My track is permanent, but I went through about a dozen different road courses in temporary form before I decided. After going back to the original layout plan 12 times, I was pretty sure I wasn't going to have a problem with getting bored. Still haven't (after about a year).

My suggestion.....TEST.....TEST.....TEST....TEST......TEST


----------



## brownie374 (Nov 21, 2007)

Semi-permanant but no landscaping.My track is made for racin!


----------



## AfxToo (Aug 29, 2003)

> Just wondering what everyone's thoughts are on track construction?

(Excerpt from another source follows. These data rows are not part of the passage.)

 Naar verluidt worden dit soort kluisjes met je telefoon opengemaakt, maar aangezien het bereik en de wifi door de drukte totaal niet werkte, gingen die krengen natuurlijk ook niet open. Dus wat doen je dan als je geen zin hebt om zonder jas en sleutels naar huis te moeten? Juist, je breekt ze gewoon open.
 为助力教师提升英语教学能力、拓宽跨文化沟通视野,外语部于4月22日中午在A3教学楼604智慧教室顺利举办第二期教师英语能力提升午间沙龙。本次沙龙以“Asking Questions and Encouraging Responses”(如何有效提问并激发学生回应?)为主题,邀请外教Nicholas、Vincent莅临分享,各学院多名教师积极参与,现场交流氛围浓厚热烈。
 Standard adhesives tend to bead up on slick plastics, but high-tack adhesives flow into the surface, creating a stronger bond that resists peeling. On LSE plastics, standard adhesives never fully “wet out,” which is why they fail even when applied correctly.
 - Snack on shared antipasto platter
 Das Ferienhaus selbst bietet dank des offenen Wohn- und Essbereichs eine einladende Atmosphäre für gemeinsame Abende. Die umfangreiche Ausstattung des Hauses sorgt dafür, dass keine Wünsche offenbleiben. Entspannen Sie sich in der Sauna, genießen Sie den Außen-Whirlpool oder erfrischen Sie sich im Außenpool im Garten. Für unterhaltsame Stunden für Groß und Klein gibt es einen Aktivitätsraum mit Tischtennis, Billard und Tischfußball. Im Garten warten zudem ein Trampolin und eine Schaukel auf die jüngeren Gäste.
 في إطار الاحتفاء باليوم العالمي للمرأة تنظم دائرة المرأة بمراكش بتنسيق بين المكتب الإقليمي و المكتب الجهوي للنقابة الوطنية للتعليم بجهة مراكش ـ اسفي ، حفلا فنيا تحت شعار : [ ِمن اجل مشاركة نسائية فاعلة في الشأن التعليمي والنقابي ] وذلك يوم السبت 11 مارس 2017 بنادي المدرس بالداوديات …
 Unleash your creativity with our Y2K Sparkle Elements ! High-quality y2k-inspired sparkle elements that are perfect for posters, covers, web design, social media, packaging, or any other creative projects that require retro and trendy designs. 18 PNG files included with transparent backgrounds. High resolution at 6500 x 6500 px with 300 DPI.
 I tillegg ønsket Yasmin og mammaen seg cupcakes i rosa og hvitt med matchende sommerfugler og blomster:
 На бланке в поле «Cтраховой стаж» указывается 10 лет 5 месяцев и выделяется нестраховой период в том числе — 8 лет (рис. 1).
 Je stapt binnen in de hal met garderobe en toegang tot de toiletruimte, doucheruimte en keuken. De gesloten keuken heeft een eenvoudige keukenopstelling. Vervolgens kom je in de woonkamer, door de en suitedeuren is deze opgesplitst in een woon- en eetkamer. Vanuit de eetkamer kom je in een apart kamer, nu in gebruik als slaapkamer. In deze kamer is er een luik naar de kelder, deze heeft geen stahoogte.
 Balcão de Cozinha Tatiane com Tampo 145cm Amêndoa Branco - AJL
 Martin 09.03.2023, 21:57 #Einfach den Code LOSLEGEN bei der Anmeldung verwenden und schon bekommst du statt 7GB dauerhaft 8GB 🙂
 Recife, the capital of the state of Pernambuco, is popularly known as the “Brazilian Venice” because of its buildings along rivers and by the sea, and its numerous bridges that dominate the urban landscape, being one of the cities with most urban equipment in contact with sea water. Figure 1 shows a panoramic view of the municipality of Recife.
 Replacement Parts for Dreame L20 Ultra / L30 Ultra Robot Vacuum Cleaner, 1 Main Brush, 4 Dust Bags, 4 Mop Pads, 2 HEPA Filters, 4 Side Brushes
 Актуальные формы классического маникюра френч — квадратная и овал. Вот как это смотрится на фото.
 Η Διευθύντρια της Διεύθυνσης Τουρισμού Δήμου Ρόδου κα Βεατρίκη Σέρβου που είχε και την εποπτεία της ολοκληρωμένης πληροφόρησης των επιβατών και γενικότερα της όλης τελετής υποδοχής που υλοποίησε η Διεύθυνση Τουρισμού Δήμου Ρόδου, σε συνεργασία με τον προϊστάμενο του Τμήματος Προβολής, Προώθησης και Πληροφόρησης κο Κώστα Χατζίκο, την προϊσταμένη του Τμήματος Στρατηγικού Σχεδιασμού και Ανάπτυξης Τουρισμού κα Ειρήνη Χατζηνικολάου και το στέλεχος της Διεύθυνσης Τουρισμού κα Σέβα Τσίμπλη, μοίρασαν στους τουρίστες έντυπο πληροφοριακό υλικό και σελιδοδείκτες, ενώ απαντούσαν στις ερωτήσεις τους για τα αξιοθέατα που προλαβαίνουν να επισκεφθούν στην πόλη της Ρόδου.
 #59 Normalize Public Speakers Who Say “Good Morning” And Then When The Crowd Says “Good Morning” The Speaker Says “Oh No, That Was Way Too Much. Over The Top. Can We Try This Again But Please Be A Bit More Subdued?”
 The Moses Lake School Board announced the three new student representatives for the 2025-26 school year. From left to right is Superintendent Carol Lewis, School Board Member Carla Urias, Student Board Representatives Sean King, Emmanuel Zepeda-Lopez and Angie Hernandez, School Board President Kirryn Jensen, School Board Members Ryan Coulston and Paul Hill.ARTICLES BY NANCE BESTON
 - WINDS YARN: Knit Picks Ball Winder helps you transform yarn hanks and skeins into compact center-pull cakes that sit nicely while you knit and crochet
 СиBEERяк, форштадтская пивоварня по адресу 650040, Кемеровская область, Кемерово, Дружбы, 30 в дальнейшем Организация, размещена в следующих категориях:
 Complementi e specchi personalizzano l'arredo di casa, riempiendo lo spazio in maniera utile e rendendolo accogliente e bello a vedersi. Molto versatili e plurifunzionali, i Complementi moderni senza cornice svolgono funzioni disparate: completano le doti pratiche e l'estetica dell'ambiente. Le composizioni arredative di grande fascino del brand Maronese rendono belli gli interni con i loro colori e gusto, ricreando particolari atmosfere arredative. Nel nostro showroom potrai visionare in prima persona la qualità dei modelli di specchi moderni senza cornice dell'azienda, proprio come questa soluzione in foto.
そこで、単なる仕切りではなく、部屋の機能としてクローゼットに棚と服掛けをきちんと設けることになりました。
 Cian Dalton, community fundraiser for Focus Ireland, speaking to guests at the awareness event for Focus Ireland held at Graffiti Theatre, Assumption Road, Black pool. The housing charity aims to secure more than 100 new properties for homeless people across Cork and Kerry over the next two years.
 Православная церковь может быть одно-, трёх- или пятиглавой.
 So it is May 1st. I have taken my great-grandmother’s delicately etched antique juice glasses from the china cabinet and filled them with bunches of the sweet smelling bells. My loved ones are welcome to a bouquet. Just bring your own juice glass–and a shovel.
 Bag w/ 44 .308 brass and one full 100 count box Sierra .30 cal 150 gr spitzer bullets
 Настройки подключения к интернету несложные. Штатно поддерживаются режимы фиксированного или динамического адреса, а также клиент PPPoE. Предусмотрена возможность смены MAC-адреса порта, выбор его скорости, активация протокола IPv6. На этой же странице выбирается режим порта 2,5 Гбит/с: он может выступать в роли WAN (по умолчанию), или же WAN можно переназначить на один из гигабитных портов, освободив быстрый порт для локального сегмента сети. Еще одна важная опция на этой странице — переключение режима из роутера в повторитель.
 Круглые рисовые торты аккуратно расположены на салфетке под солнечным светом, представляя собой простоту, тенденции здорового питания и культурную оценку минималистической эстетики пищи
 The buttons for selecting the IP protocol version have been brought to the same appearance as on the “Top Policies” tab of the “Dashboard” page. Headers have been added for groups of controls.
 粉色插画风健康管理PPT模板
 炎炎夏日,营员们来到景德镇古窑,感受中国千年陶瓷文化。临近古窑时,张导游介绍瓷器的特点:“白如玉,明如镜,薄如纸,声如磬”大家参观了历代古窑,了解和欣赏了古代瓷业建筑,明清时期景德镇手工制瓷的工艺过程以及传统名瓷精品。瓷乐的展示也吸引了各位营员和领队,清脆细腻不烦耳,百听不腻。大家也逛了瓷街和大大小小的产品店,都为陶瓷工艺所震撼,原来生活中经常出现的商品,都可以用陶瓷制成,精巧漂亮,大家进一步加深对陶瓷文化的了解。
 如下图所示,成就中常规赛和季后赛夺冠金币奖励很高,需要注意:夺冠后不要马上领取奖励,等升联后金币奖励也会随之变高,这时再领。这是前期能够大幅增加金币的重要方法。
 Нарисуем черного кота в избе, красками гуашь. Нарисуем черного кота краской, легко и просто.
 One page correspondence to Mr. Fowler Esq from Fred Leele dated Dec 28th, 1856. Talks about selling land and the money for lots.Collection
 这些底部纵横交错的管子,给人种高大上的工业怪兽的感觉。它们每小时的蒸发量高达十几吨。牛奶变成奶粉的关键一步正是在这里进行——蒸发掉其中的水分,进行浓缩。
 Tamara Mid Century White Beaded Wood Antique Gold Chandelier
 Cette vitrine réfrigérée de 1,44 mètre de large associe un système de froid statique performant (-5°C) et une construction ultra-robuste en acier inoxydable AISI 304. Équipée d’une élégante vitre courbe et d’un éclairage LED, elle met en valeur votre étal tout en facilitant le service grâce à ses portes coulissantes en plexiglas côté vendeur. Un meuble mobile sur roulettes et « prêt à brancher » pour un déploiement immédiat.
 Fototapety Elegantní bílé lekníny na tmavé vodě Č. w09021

The bottom line is that you should do whatever you want. It sounds like you already recognize the trade offs with respect to permanent layouts and permanent scenery. 

But here's the catch: scenery does not have to be permanent! You can fabricate movable scenery in any number of ways. One way would be to use cardboard to create templates of the open areas that exist after your layout is in place. Then transform the template shapes to a sturdier material, perhaps 1/8" luan plywood or hardboard. Then scenic the cutout cookie cutter, or puzzle, piece. Since it's a temporary thing you may not want to glue everything down. The grass and ground texture part is probably not a big deal to affix to the scenery cutout. Trees, buildings, crash walls, grandstands and the like can be attached via RTV silicone, velcro dots/strips, or matching pairs of neo dot magnets, one affixed to the board and its mate affixed to the scenic element. Just make sure you get the polarity right so they don't repel.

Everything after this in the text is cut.